The Best (and Worst) Classic Dad Jokes 👋

Get ready for timeless humor with our collection of classic dad jokes! These iconic, laugh-out-loud jokes have been making people groan and giggle for generations. Perfect for anyone who loves the charm of old-school humor, our classic dad jokes feature the best one-liners and puns that never go out of style. Whether you’re sharing them at family gatherings or just looking to brighten your day, these classic jokes are sure to deliver the perfect punchline every time. Explore our collection and rediscover the magic of classic dad jokes!
A guy walked into a bar, and lost the limbo contest.
Why should you never brush your teeth with your left hand? Because a toothbrush works better.
What is the difference between a literalist and a kleptomaniac?
Two hats were hanging on a hat rack. One said 'You stay here, i'll go on a head'.
To the man in the wheelchair that stole my camouflage jacket... You can hide but you can't run.

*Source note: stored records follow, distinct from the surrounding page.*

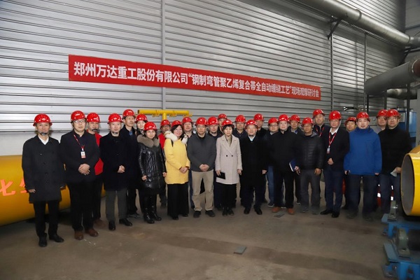 鋼制彎管聚乙烯復(fù)合帶全自動纏繞工藝現(xiàn)場觀摩研討會在鄭州萬達(dá)重工股份有限公司成功召開
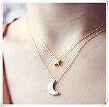 Deux couches de chaîne plaqué or Lune étoile...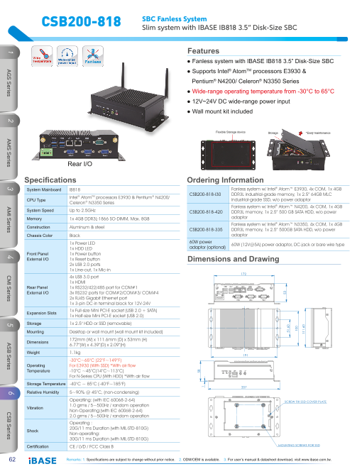 特長 ■幅172×高さ53×奥行111.6mm 1.02リットル ■Pentium N4200/Celeron N3350/Atom x5-E3930 CPU ■ファンレス動作 ■1リットルコンパクトサイズ ■拡張温度対応 -30~65℃(SS...

I have a joke about inferiority complexes, but it’s not very good.
What did the blanket say to the bed? I’ve got you covered.
Have you heard of the new sport called Quiet Tennis”? It’s like normal tennis but without the racket.

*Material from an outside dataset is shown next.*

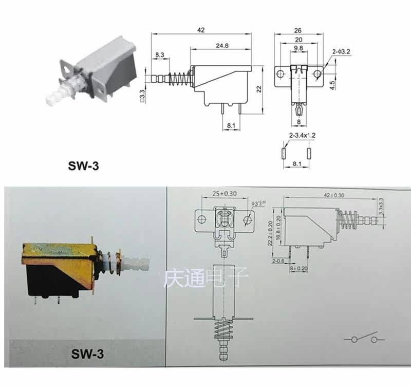 SW-3 self-locking lock-free inner spring with bracket power supply device direct key switch power switch hole 20 25MM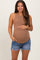Blue Fringe Hem Side Slit Maternity Denim Shorts

At the job interview, they asked me, “Where do you see yourself in five years?”
What's a tornado's favorite game? Twister!
Why did the scarecrow win an award? He was outstanding in his field.
I had a dream that I weighed less than a thousandth of a gram. I was like, 0mg.
What did the sink tell the toilet? “You look flushed.”
What kind of cereal do leprechauns eat? Lucky Charms.
It's widely known that some members of a prison population become well-read and crafty with words. Sometimes you can mix prose with cons.